Can anyone explain to me how the 1807 Insurrection Act and the Posse Comitatus Act can exist simultaneously? The former letting national military act against US citizens, and the former disallowing it?

Obviously that’s an oversimplification, but Trump threatening to send in the troops against protesters has various people arguing the legal merits of one or the other.

After the general question has gotten a reasonably objective answer, we can move it to another forum for debate about the current event if need be.

It seems…complicated.

This Twitter thread (click on “Show This Thread” link in the top post to see it all) suggests Posse Comitatus Act does not stop the president from using the Insurrection Act (he can deploy the military to US cities). Others say it does.

Seems to me, when there is ambiguity like this, the president will get to define things as he sees fit.
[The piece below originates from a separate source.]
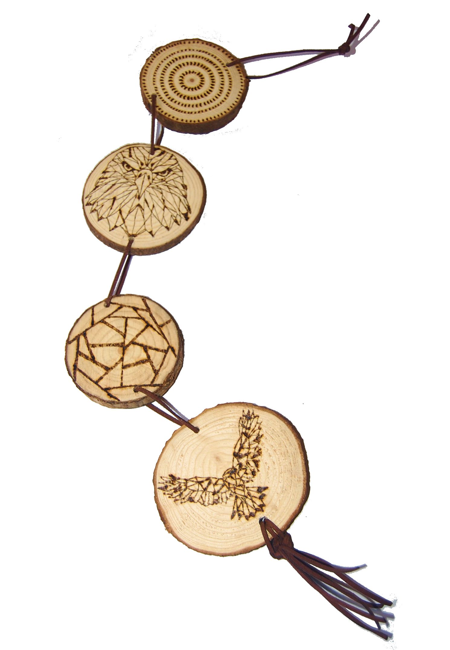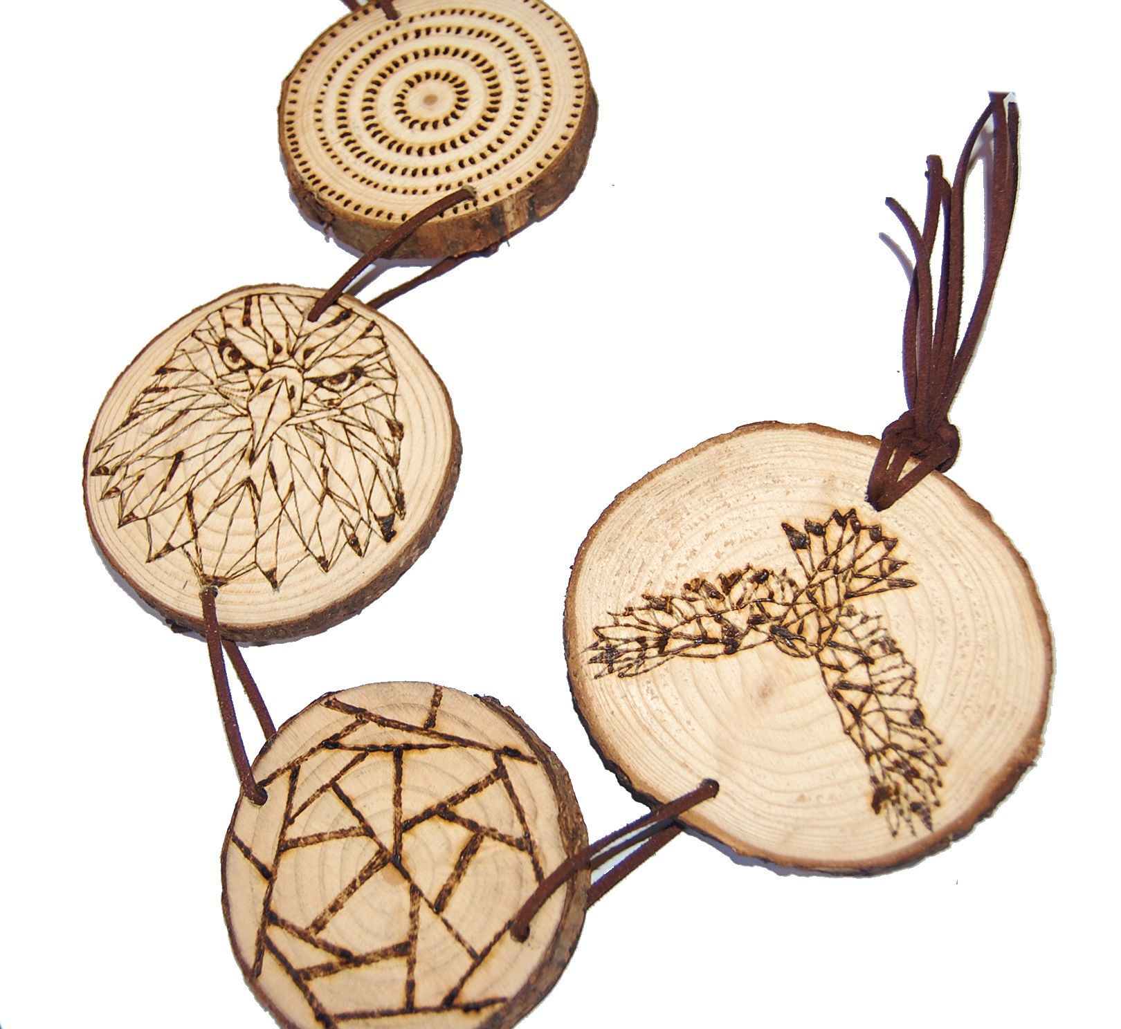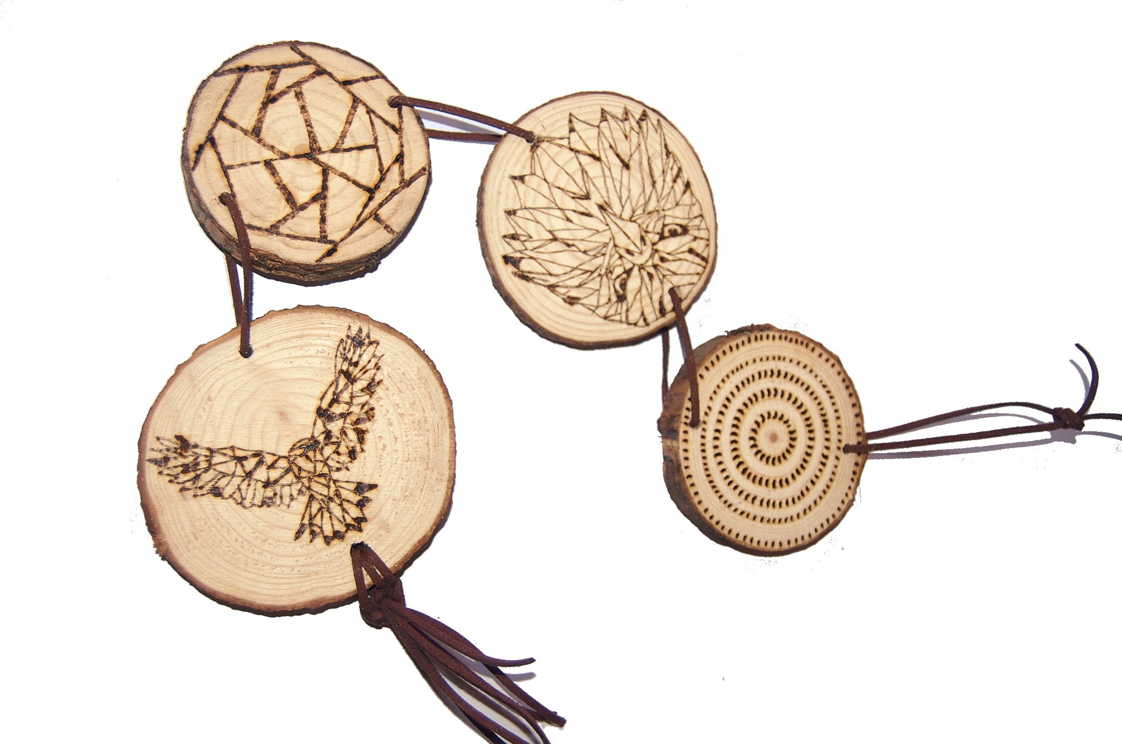 - Ein handgefertigtes Unikat, das durch Brandmalerei auf Kiefer Holz Scheiben gefertigt wurde

Let’s say China suddenly establishes a military alliance with Mexico and builds an Army Base in Ensenada, just a few miles south of the border with the US.

One day Chinese tanks and military personal start rolling toward San Diego.

Are you telling us that staging US military troops and equipment along the California border (inside the United States) would be a violation of the Posse Comitatus Act and thus illegal?

Posse Comitatus Act is there to prevent the federal government from using federal troops to enforce state laws. It also does not apply to the National Guard in each state.

They are free to deploy to face a foreign invasion. Always have been.

I think the US Coast Guard is exempt too (not sure).

As a GQ matter, it looks very simple to me. The Posse Commitatus Act (18 USC 1385) prohibits the use of the military as posse commitatus “except in cases and under circumstances expressly authorized by the Constitution or Act of Congress.

The Insurrection Act is an Act of Congress expressly authorizing the use of the military in certain circumstances.

Does the Insurrection Act provide too big an exception? That’s a legislative question. But I don’t understand how you think they couldn’t exist simultaneously. It’s (on a basic level) like any other set of statutes that say “Unless otherwise provided, you can’t do X” and “Here are some situations you can do X”.